Spammy looking site, but amazing technology.  Can anyone explain the algorithm? - Elite
http://us.akinator.com/#
======
drx
If you can find 20 questions so that each question roughly halves the sample
size depending on the answer, you can halve a big set of people 20 times, thus
yielding a set of size 2^20 = 1 048 576 times smaller than the original.

So if you take a set of people of size 1 million and ask the right 20 yes/no
questions you can almost always figure out the right person. Of course, the
more questions you ask, the finer the result (with 30 questions it's 1
billion). Also, these questions don't have to be binary, thus they can cut a
set in e.g. 1/5, not half.

Of course with real world questions this is much harder to do, but with a
clever question selecting algorithm it could be done this way, I suspect.

------
bg4
I suspect it's implemented using decision trees.

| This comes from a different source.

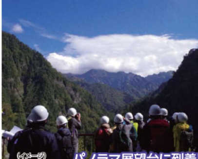
パノラマ展望台に到着! (イメージ)

黒部峡谷パノラマ展望ツアーのご案内・注意事項 ※当企画は、普段入れない関西電力の施設内を通行する特別企画となります。事前に以下の内容をご理解いただきご参加願います。●ご参加は小学校5年生以上で、乗り物の乗降や登山道の歩行に支障のない方とさせていただきます。●お申込後参加者全員の氏名、年齢、代表者の住所等の個人情報をご提供いただきます。●安全確保のためヘルメットを着用していただきます。(ヘルメットは関西電力が用意し当日お渡しいたします。)●工事中トンネル内や山道など、足場の不安定な箇所を歩行しますので登山靴やトレッキングシューズなどの歩きやすく滑りにくい履物でご参加ください。※お申込後、詳しくまとめた留意事項書面をお渡しいたします。必ずお読みください。天候やその他事由などにより、パノラマ展望台への徒歩移動が困難な場合は、竖坑トンネル内部の研修庫にてパノラマ展望台からの眺望を映像で紹介するとともに黒部川第三発電所建設時の記録映像をご覧いただけます。他のお客様と混乗になる場合がございます。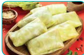
● голубцы «Любительские» (п/ф, 1 кг) – 6,59 рубля

В кафе, ресторанах, объектах придорожного сервиса потребительской кооперации по акции будут продаваться

<http://en.wikipedia.org/wiki/Decision_tree>

------
udfalkso
This "Guess the Dictator" game was a hit years ago,
<http://www.smalltime.com/Dictator>. It's pretty much the same thing and
they're lots of fun. <http://hunch.com> is leveraging this type of decision
tree learning nicely today.

------
amiablevirgo
Something similar to Twenty Questions?
<http://en.wikipedia.org/wiki/Twenty_Questions>

------
jdbernard
I know it is old, but no-one has hit on exactly what is happening. It is
decision trees, and it does make use of the winnowing effect of true-false
questions. The last ingredient is user feedback. If it cannot correctly guess
your character, it asks you to enter them. It then saves your person and the
decision tree that got you to them for future use: croudsourcing.

------
BerislavLopac
I got it confused on Gorodish -- it offered Jean Valjean, which is a good
approximation, and afterwards Quasimodo, which isn't really. But afterwards it
got all correct.

------
noonespecial
Not so amazing to me. I tried for 10 minutes to lead it to Kevin Bacon, no
luck.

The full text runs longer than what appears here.